**Task data:**
-=-=-

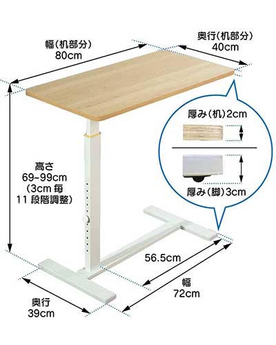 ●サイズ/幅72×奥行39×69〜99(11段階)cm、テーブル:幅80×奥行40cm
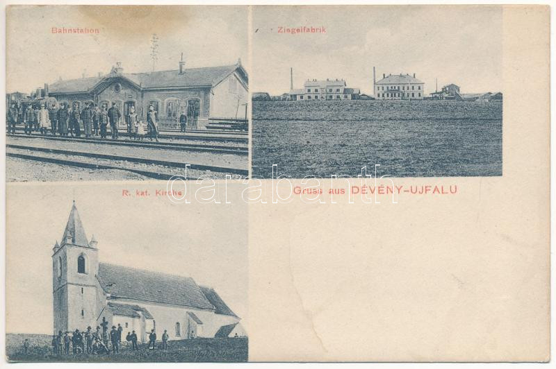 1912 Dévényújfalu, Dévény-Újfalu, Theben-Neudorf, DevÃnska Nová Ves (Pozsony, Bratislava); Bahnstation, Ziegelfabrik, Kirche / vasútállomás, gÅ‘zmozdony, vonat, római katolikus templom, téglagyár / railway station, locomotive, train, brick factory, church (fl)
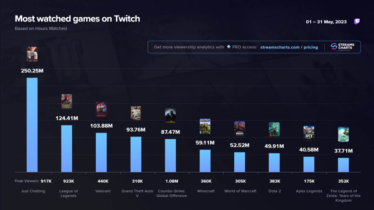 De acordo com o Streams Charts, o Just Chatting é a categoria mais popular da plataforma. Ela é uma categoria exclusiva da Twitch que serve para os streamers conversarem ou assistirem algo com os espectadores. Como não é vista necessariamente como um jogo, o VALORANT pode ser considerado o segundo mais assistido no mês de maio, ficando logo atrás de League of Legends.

-=-=-

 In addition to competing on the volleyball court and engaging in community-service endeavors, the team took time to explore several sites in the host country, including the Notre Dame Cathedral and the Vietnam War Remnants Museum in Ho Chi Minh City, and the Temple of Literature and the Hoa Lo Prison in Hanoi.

-=-=-

**Your instructions:** Exact copy, pictures excluded: every line above from the one containing "1912 Dévényújfalu, Dévény-Újfalu, Theben-Neudorf, DevÃnska" to the one containing "De acordo com", inclusive, and nothing more.

**Answer for this exercise:**
 1912 Dévényújfalu, Dévény-Újfalu, Theben-Neudorf, DevÃnska Nová Ves (Pozsony, Bratislava); Bahnstation, Ziegelfabrik, Kirche / vasútállomás, gÅ‘zmozdony, vonat, római katolikus templom, téglagyár / railway station, locomotive, train, brick factory, church (fl)
 De acordo com o Streams Charts, o Just Chatting é a categoria mais popular da plataforma. Ela é uma categoria exclusiva da Twitch que serve para os streamers conversarem ou assistirem algo com os espectadores. Como não é vista necessariamente como um jogo, o VALORANT pode ser considerado o segundo mais assistido no mês de maio, ficando logo atrás de League of Legends.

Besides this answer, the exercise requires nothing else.